Saturday, January 2, 2010

Snowy Day Activities


What do you do on a snowy, miserably cold day? Well, I'd guess stay inside where it's warm with a nice cup of hot chocolate but that's because you're smart. I on the other hand am outside freezing my fingers off taking photographs. On the day I took these shots our oldest daughter came along. She borrowed one of our cameras and we set out walking around the neighborhood taking macro shots of the hoar frost. We shivered in the intense cold and spoke of how nice a hot cup of herbal tea sounded but were having too much fun to hurry home. When we did it was time to do livestock chores. Kirk was our chauffeur and stopped periodically to allow us to shoot some shots I had scouted out across town earlier but was just waiting for the next snow storm to dust the vegetation. Of course I was the only one still outside the truck when a gal pulled out of her driveway and gave me the "Are you crazy?" look I'm so familiar with. I flashed my perfected smile and friendly wave that reassures most people that I'm may be odd but I'm harmless.
It's amazing how much hoar frost or snow will enhance a scene. It's often the inclement weather days that offer great photo opportunities.

So of course when we saw the buffalo (bison) in a good spot to photograph, we had to take a few pictures. Note the blowing snow.

And because we didn't have the lens we wanted with us, we had to go out again later and photograph some more. I'm being kind and not showing you the umpteen pictures we took.
But that was after we spent hours outside in the snow storm doing livestock chores, ours and a couple neighbors who were gone for Christmas week. Toni took all the chore pictures because of course we were doing chores.

Despite the wool long johns, wool socks, wool hat, wool Swiss Army pants, wool sweater and coat I was a bit cold. Then my husband would tell you I'm always a bit cold and he would be right.

But I figured not as cold as the chickens. Gertie, the white hen, roosts in the hay shed under the plastic where it's quite warm but Mildred, the dark chicken covered in snow, insists on staying outside. I've built her a hay bale house out by the round hay bales where she hangs out and tried shoving her into the hay shed countless times but she insists on burrowing under a flap of hay that lays over off one of the round bales. When you stick your pitch fork in to fork hay to the stock you have to do so carefully in case she's hidden underneath.

Kirk went into Tinker Bell's, Angus heifer, pen and they played a game where Tinker Bell pretends she's scared of Kirk and runs off, then come galloping back for more.

Toni was wishing we had a video camera. My Canon camera will do videos but I haven't read that far in the manual yet.
Every day we have like this, snowy and bitter cold, I give thanks for our warm home and that I'm not an animal. Though the only ones that it seems to bother is the goats and pigs. The goats shiver despite their heavy coats and the pigs don't stay outside their shed for long. But my horse loves the snow, that and the mud. She rolls and rolls in it and the beef don't seem to be bothered by inclement weather either. But the colder it gets the more fuel the livestock need to retain their body heat and that means we also spend more time out in the nasty weather tending to their needs.

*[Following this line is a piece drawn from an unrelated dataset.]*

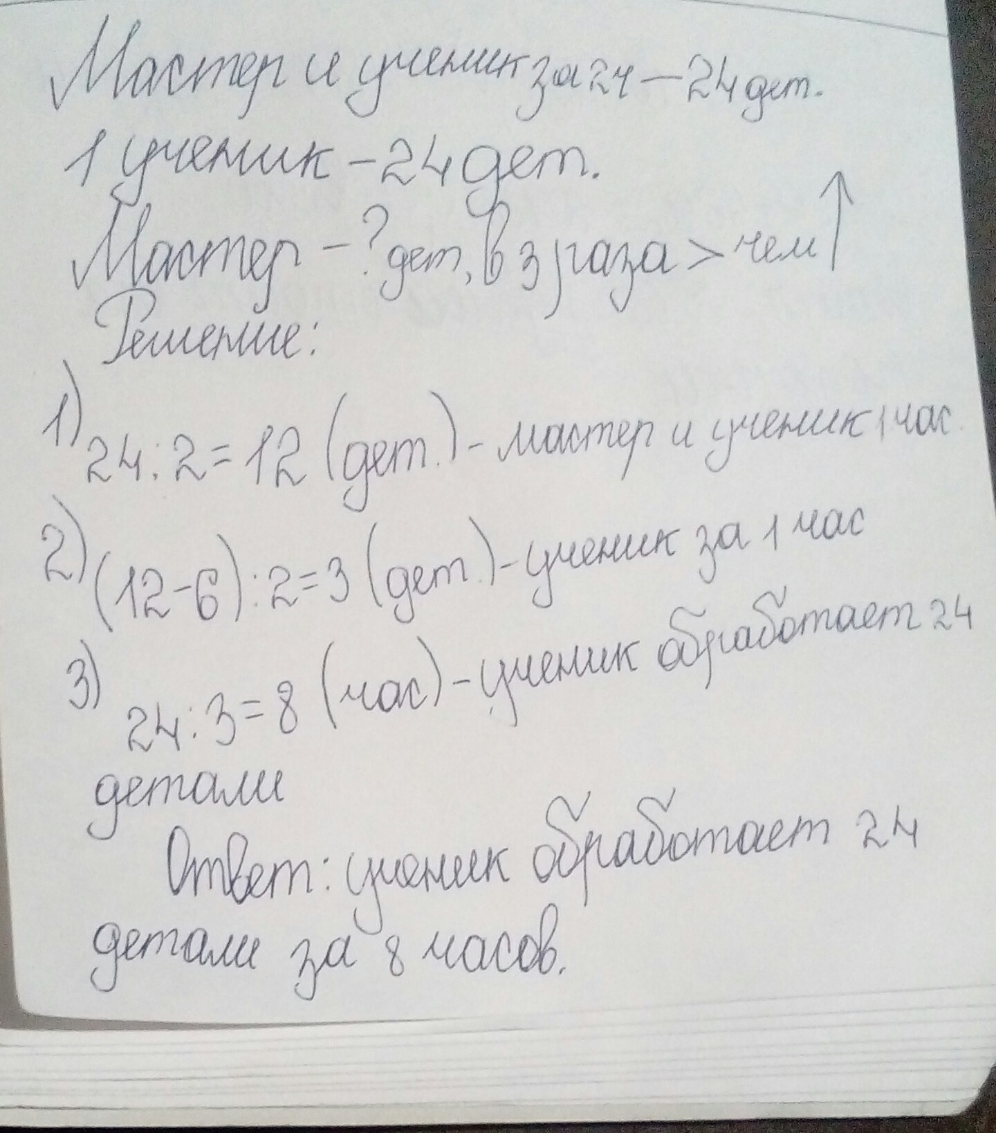 Ответ: ученик обработает 24 детали за 8 часов.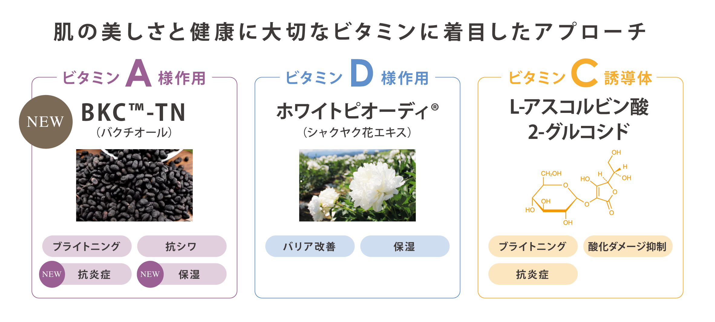 一方、テクノーブルではBKC™-TNの他にも、肌のバリア機能形成の中心を担う「バリアビタミン」ともいうべきビタミンDと同様の働きを示す「シャクヤク花エキス(製品名:ホワイトピオーディ®)」や、ブライトニングにおいて多様な働きをもつL-アスコルビン酸 2−グルコシド(ビタミンC誘導体)など、肌に大切なビタミンに着目したスキンケアアプローチを叶える製品を揃えています。

The biggest pain in the winter time is the water that freezes up. We had electricity years ago when we lambed the kids's 4-H ewes in the winter but disconnected it when we stopped raising sheep. It cost several times more just to have it than the electric usage bill. Now we put water in rubber feed pans and then break the ice out each day and refill them.
So was I right? Are you smarter than we are and stay inside where its warm and cozy? Or are you adventureous and maybe a bit crazy like us?